— Requirement —
Reproduce exactly, and only, the lines of the material below running from the line bearing "Having recessed lighting, a" through the line bearing "Bastions de l’élite, ces". Leave any pictures out.

— Information provided —

***

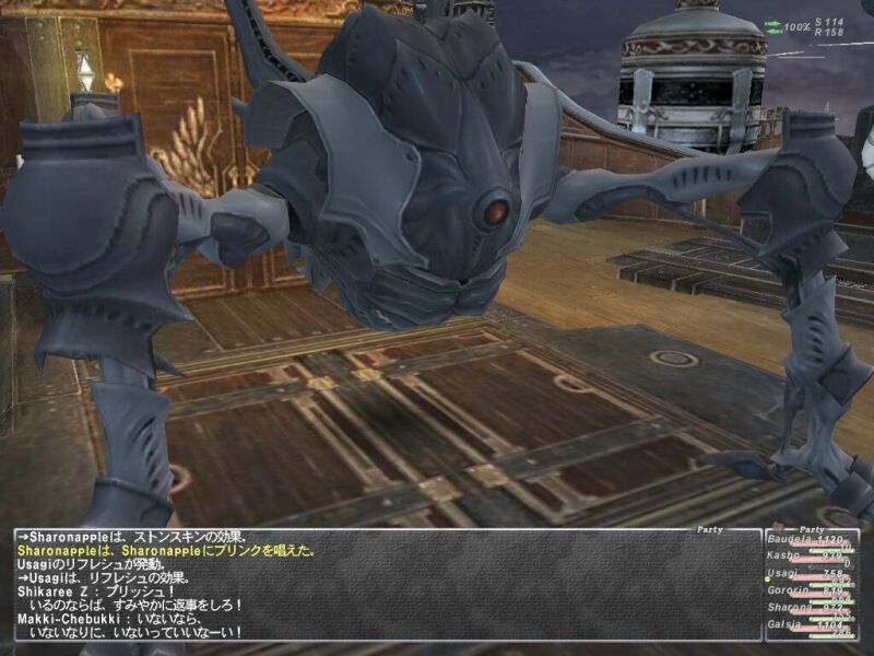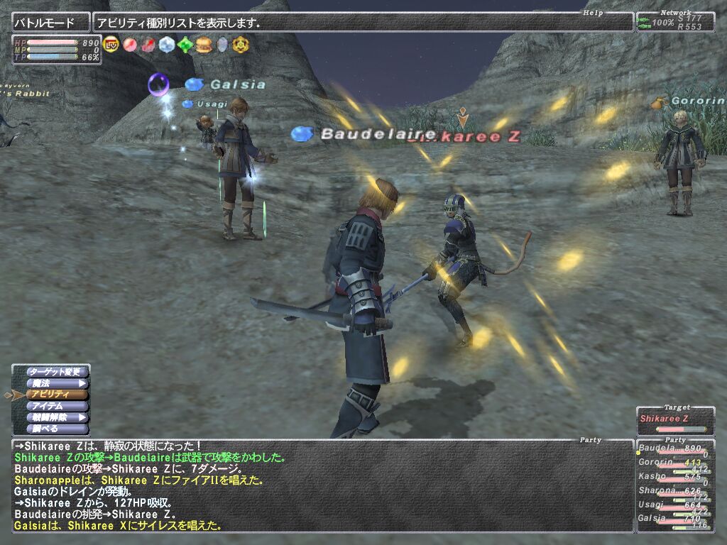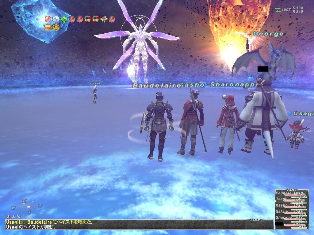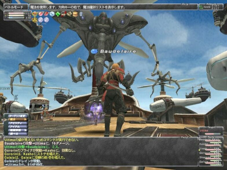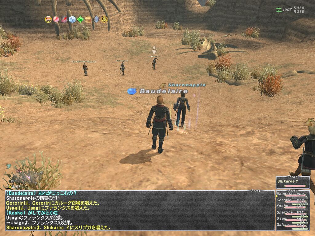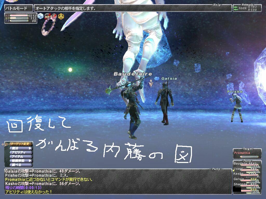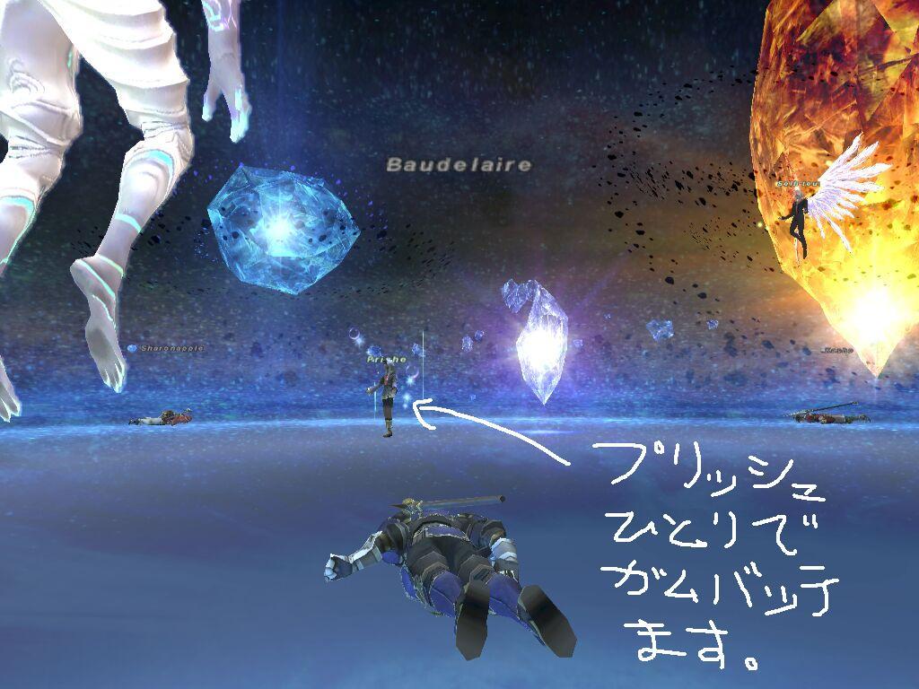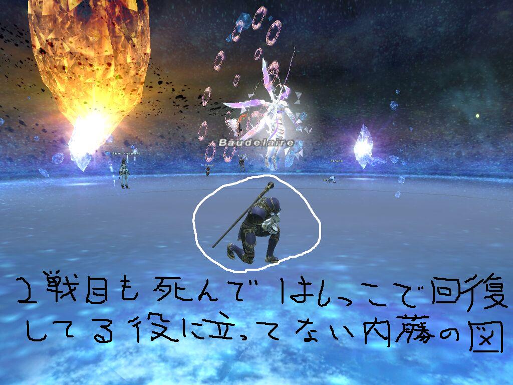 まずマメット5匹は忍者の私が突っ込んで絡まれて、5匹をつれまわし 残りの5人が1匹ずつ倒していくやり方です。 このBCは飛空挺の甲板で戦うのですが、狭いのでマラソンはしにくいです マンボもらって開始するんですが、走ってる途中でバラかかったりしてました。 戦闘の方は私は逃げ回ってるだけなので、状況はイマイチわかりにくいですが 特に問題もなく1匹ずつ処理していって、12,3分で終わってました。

***

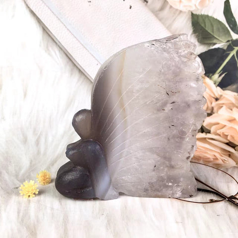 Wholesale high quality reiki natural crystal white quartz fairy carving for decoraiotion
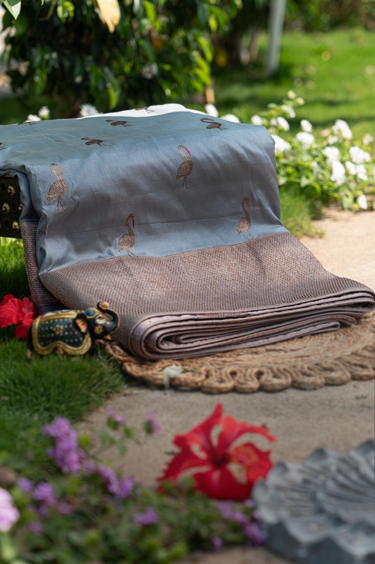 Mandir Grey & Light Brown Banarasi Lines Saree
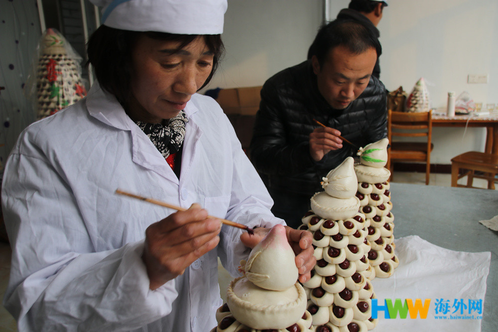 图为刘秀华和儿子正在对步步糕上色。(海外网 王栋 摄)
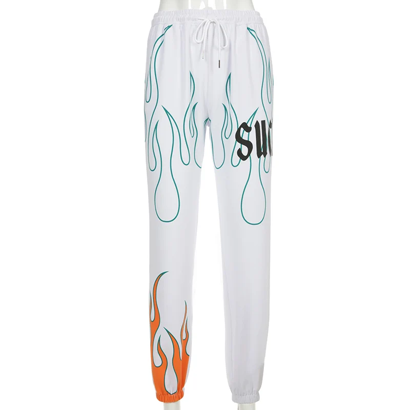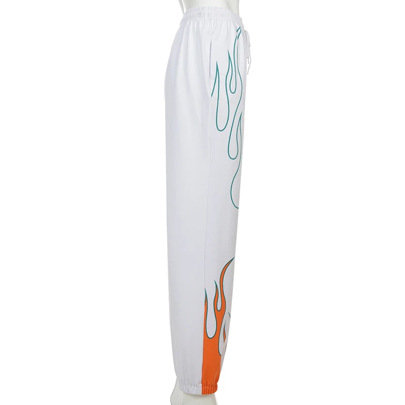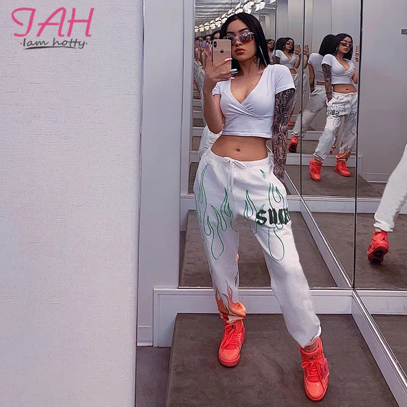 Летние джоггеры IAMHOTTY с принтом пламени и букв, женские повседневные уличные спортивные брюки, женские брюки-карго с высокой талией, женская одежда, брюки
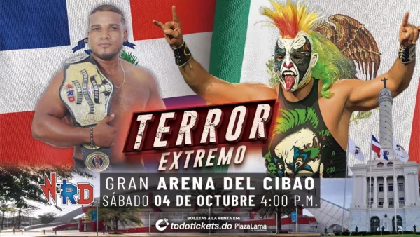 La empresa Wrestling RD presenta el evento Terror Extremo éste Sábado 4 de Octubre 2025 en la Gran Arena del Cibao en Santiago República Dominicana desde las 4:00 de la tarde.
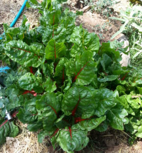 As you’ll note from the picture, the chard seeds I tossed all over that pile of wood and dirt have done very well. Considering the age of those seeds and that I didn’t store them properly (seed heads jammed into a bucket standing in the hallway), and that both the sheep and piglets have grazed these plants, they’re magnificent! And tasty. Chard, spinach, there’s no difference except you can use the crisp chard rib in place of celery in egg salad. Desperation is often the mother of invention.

***

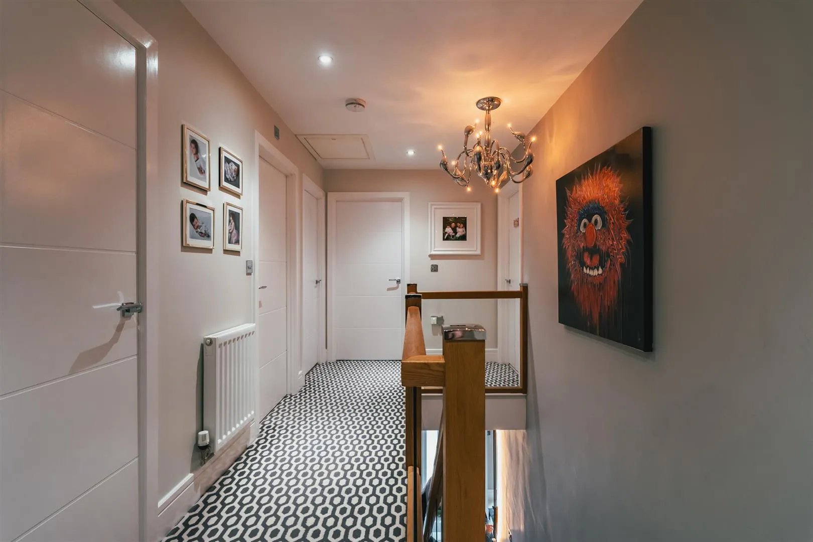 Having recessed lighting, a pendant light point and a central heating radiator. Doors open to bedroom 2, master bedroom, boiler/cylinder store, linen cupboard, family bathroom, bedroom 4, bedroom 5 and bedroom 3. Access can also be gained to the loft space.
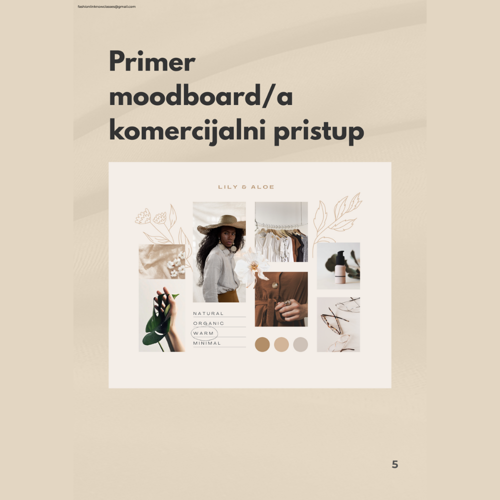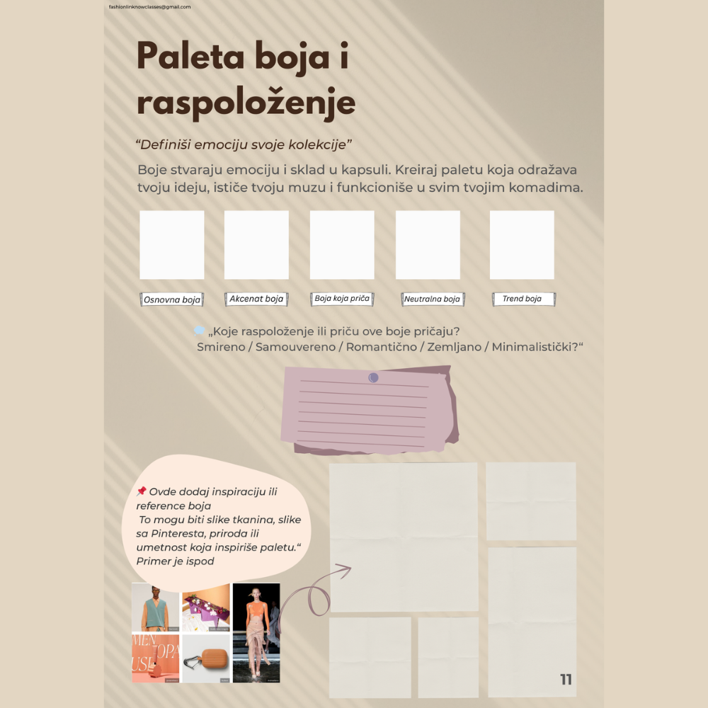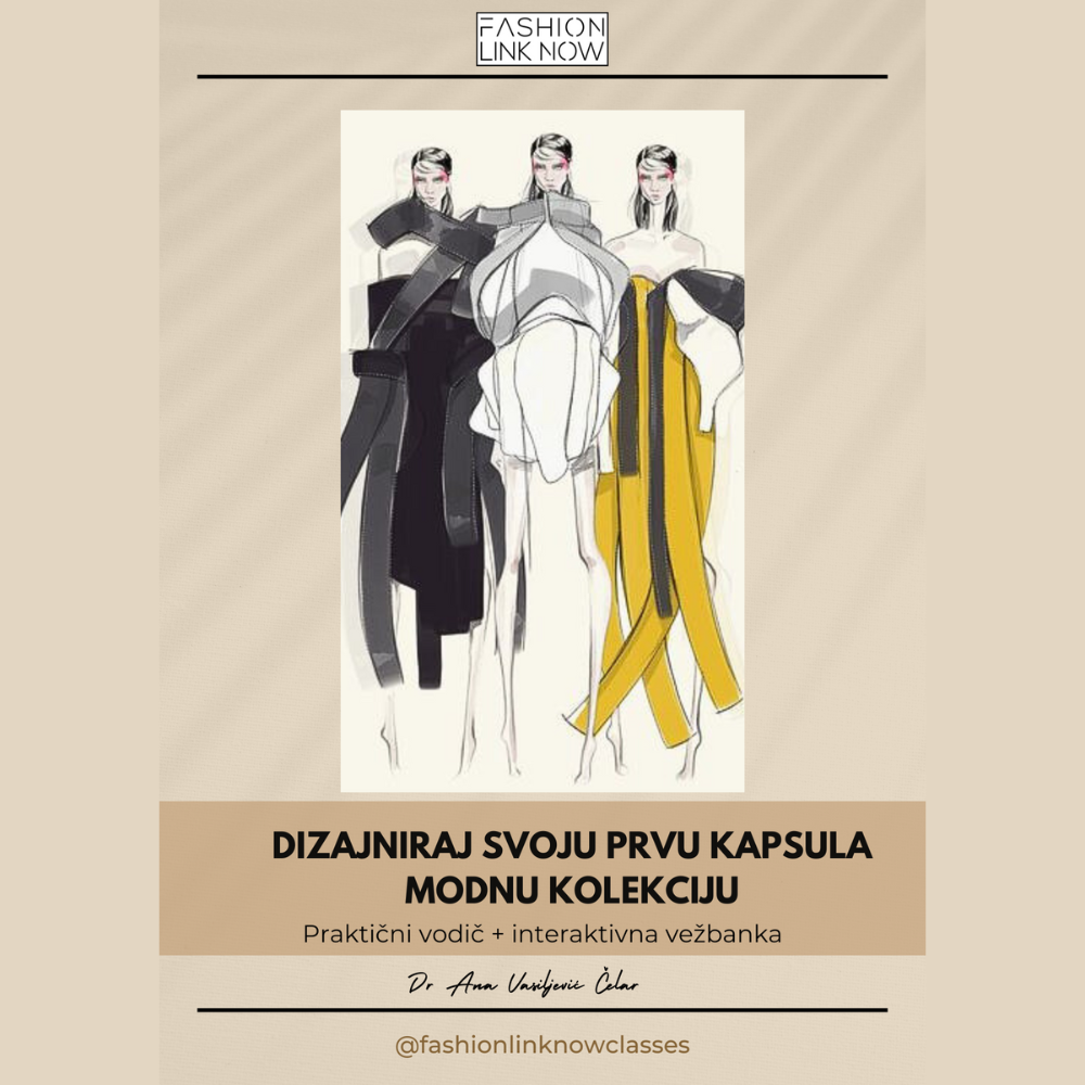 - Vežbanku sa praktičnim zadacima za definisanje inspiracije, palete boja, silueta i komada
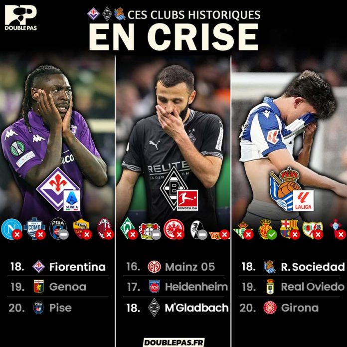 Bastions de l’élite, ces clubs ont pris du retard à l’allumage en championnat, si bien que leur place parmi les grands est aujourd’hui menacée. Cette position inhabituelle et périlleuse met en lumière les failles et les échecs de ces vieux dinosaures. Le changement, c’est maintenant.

***

— Task result —
 Having recessed lighting, a pendant light point and a central heating radiator. Doors open to bedroom 2, master bedroom, boiler/cylinder store, linen cupboard, family bathroom, bedroom 4, bedroom 5 and bedroom 3. Access can also be gained to the loft space.
 - Vežbanku sa praktičnim zadacima za definisanje inspiracije, palete boja, silueta i komada
 Bastions de l’élite, ces clubs ont pris du retard à l’allumage en championnat, si bien que leur place parmi les grands est aujourd’hui menacée. Cette position inhabituelle et périlleuse met en lumière les failles et les échecs de ces vieux dinosaures. Le changement, c’est maintenant.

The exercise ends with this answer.